The Cub Scouts, part of Pack 333 from Calabasas, started their drive for sleeping bags after they organized a collection drive in October for disabled veterans, some of which were homeless. They found the number one request from veterans was for sleeping bags, but they only had five sleeping bags to give.

Inspired by their request, Den Leader Steven Rude and his 8-year-old son Aleksander spearheaded "Operation Sleeping Bag," hoping to collect 500 sleeping bags for homeless veterans.

Initially some people thought their goal was too high, Rude said, but most of the pack got involved and a group of Cub Scouts presented 594 sleeping bags to the Veterans Administration in Westwood Wednesday.

In addition to the sleeping bags, they collected about 400 notes from children living in local cities including Westwood, Calabasas and Valencia that will remind veterans that they did a good job and they are not forgotten, Rude said.

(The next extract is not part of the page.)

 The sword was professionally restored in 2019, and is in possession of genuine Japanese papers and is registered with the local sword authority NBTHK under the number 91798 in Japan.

The notes also included the phone number for a suicide crisis hotline, because the Cub Scouts recognized that was an issue among homeless veterans after they "were told that many homeless veterans were depressed and wanted to die from all the bad things they saw," Rude said.

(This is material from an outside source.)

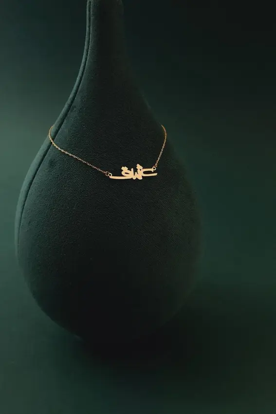 قلادة ذهبية مزينة باسم عربي بأناقة، تضيف لمسة شخصية وفريدة لإطلالتك. تصميم بسيط وفاخر يناسب جميع الأوقات والمناسبات

Earlier this month, the Los Angeles Times reported over 1,200 homeless veterans still live on the streets in Los Angeles.

In 2016, data from the Greater Los Angeles Homeless Count indicated a 30 percent decrease in homeless veterans living in Los Angeles County, which included data from Glendale, Long Beach and Pasadena, according to the Los Angeles Homeless Services Authority. The report from LAHSA also indicated homelessness in Los Angeles County rose 5.7 percent from 2015 to 2016.

As word of Operation Sleeping Bag spread on social media, sleeping bags were donated from Calabasas and the greater Los Angeles area, but also from places around the world including Berlin, London, New York City and New Orleans.

"It's pretty amazing how it all got so big," Rude said.

At the presentation Wednesday, Rude's son Aleksander and another Cub Scout were awarded with a certificate from the Veteran's Administration, and he and four other boys also received a certificate of recognization from Mayor Eric Garcetti.